Kısırlık tedavisi uygulayan çiftlere bol meyve ve sebze tüketin önerisinde bulunan Sanisoğlu, “Aşırı yüksek ısı karşısında pişirilmiş (kebap, döner, ızgara gibi direkt ateşe maruz kalmış) yiyeceklerin fazla tüketilmesi sonucunda da vücutta zararlı metabolitler (glikasyon metabolitleri) ve bunun sonucunda hücre zararı oluşmaktadır. Genel sağlık açısında olduğu gibi kısırlık sorunu yaşayan çiftlere önerimiz şekerli (hamur işleri, makarna pilav ve tatlı) yağlı ve proteinden (et ürünleri) zengin beslenmemeleri, fast food ve hazır besinlerden uzak durmaları, kebap döner ve ızgara gibi hem proteinde zengin hemde yüksek ateşe maruz kalmış besinleri mümkün oldukça az tüketmeleri, klasik Türk mutfağı beslenme düzenine geri dönmeleri, bol sebze ve meyve tüketmelerini önermekteyiz.
Meyve ve sebzeler yüksek antioxidan içerikleri ile hücre metabolizması sonucu oluşan zararlı molekülleri nötralize etmekte (serbest oksijen radikalleri ve glikasyon ürünleri) ve bu şekilde hücre zararının önlenmesinde en etkili besinlerdir. Özellikle güçlü antioxidan içerikleri olan C vitamin ve Likopen den zengin meyve ve sebzeler; domates, kırmızı biber, portakal, greyfurt bolca tüketmelerini öneriyoruz. Sigara ve alkol gibi tüm vücut ve üreme hücreleri için oldukça zararlı olan alışkanlıklardan kesinlikle vazgeçmelerini istiyoruz. Sigara üreme hücrelerinin fonksiyonlarını bozan ve sayısını azaltan en zararlı etkenlerin başında gelmektedir” ifadelerini kullandı.

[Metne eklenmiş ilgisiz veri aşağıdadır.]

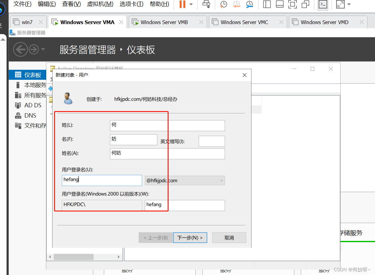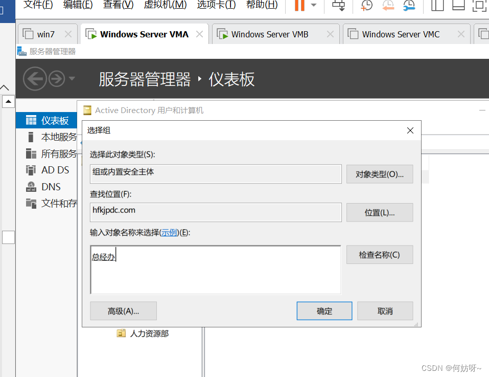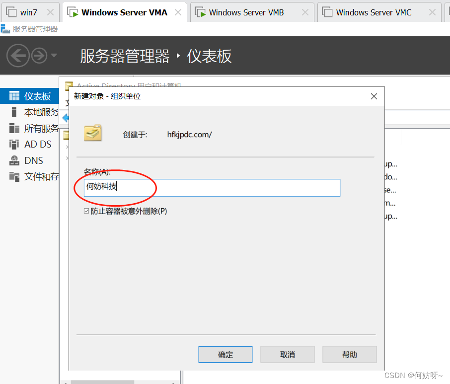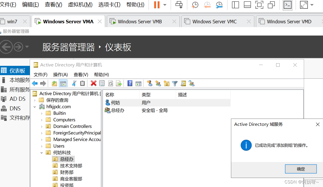 创建OU、用户、用户组(以何妨科技的组织架构为例,总经办、技术支持部、财务部、一部、二部、三部、四部、五部、七部、商业客户部);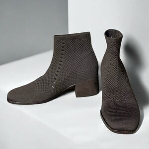 🌻Eileen Fisher Chocolate Brown Paron Stretch Crepe Knit Booties Size 5.5

“FİZİKSEL AKTİVİTELERİNİN ARTTIRILMASI”
Çiftlerin daha az ve kalorisi düşük besinler tüketmeleri gerektiğinin altını çizen Op. Dr. Hasan Tahsin Sanisoğlu, “Beslenmenin düzenlenmesi, sigara ve alkol den uzak durulması fiziksel aktivitenin arttırılması, (spor, egzersiz vb.) tedavinin etkinliğinde ve başarısında en az yumurta ve sperm gelişimini uyaran ilaçlar kadar etkindir. Yumurta ve sperm uyarısını sağlayan ilaçlara yanıt alamadığımız hastalarımızın beslenmelerini düzenleyerek ve antioxidan etkisi olan ürünler kullanarak sonuç alabilmekteyiz. Spor ve egzersiz sperm ve yumurta üretimi için gerekli olan androjen hormonları üretimini arttırarak olumlu katkıda bulunmaktadır. Özet olarak hastalarımızın günümüz yaşam ve beslenme alışkanlıklarından vaz geçmelerini, doğal beslenmelerini, daha az ve kalorisi daha düşük besinler tüketmelerini daha çok hareket etmelerini öneriyoruz” diye konuştu.